Zelenskyy: Ukraine cannot win without US support as Putin orders Zaporizhzhia advance

Hundreds of civilians were killed in the 2022 Russian airstrike on Mariupol's theatre; ongoing military operations continue displacing and endangering Ukrainian populations.
Can we win without American support? No.
Zelenskyy's stark assessment after meeting Trump, laying bare Ukraine's military dependence on the United States.
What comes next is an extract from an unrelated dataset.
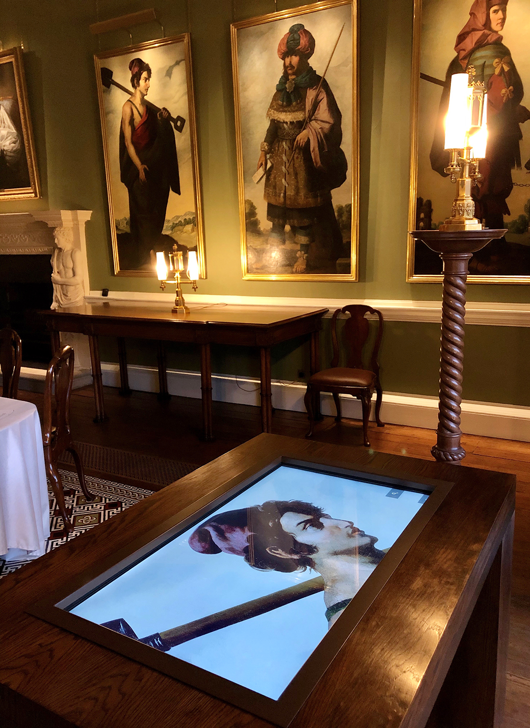 The touch screen is located at one end of the Long Dining Room, and the screen is mounted flat like a table top. Visitors can choose to rotate the interface through 180 degrees so that the screen can be used from two different sides. The preferred side allows visitors to use the touch screen while also being able to look at the real paintings in the room. The opposite side provides more physical space around the screen, making it more accessible for wheelchairs.

On the 1,406th day of a war that has reshaped the architecture of European security, Ukraine's president traveled to Florida to deliver a message stripped of all diplomatic softening: without American support, his country cannot prevail. Meanwhile, in Moscow, Russia's military and diplomatic voices spoke in unison — advancing on the ground, hardening at the table, and signaling that any peace would be negotiated on their terms. Two leaders, two visions of the same conflict's ending, and between them, a continent's fate suspended in uncertainty.

  • Zelenskyy's two-hour meeting with Trump produced no guarantees — only a frank admission that Ukraine's survival is mathematically dependent on continued American weapons and money.
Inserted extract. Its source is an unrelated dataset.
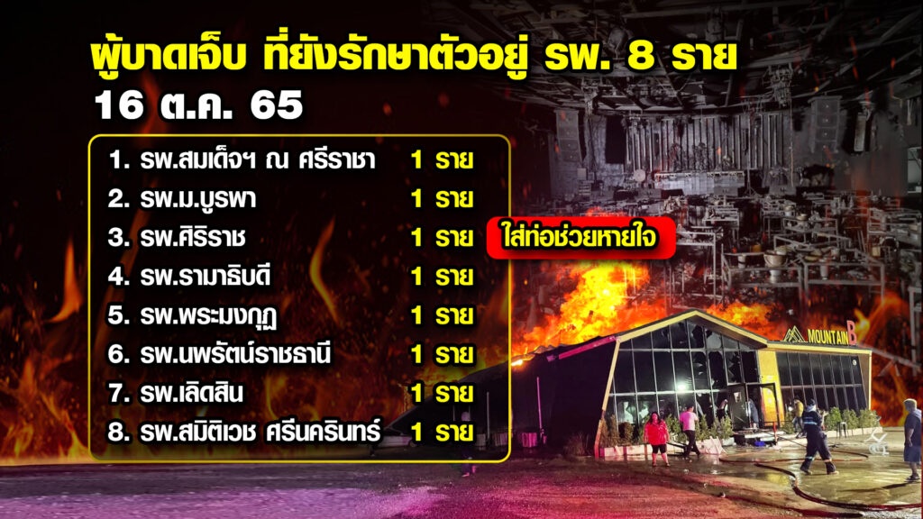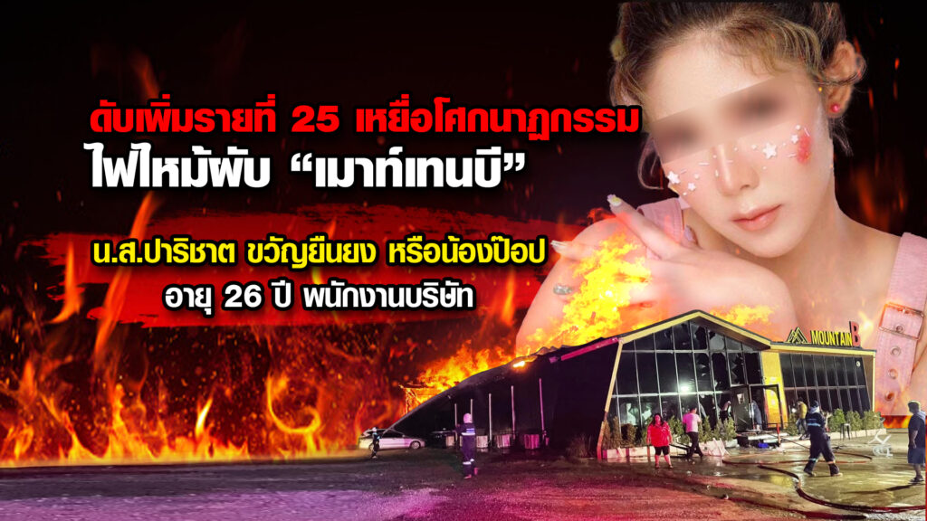 ความคืบหน้าเหตุไฟไหม้ เมาท์เทน บี ผับ อ.สัตหีบ จ.ชลบุรี เมื่อ 5 ส.ค. ที่ผ่านมา ทำให้มีผู้บาดเจ็บและเสียชีวิตจำนวนมาก ล่าสุดเสียชีวิตเพิ่มอีก 1 ราย รวมเป็น 25 ราย ขณะที่ตัวอาคารผับ ถูกรื้อถอนออกจากพื้นที่แล้ว ญาติตั้งคำถามคดียังไม่เสร็จสิ้น รื้อถอนได้หรือไม่

  • Putin ordered intensified military operations in Zaporizhzhia even as diplomacy flickered, with Russian forces reportedly closing to within 15 kilometers of the region's largest city.
  • The Kremlin's claim that Ukraine attempted a drone strike on Putin's residence — dismissed by Zelenskyy as fabricated provocation — threatens to poison the diplomatic atmosphere before serious negotiations can begin.
  • Lavrov's declaration that Russia holds 'strategic initiative on the battlefield' signals Moscow intends to negotiate from dominance, not compromise, as the war's fourth anniversary approaches.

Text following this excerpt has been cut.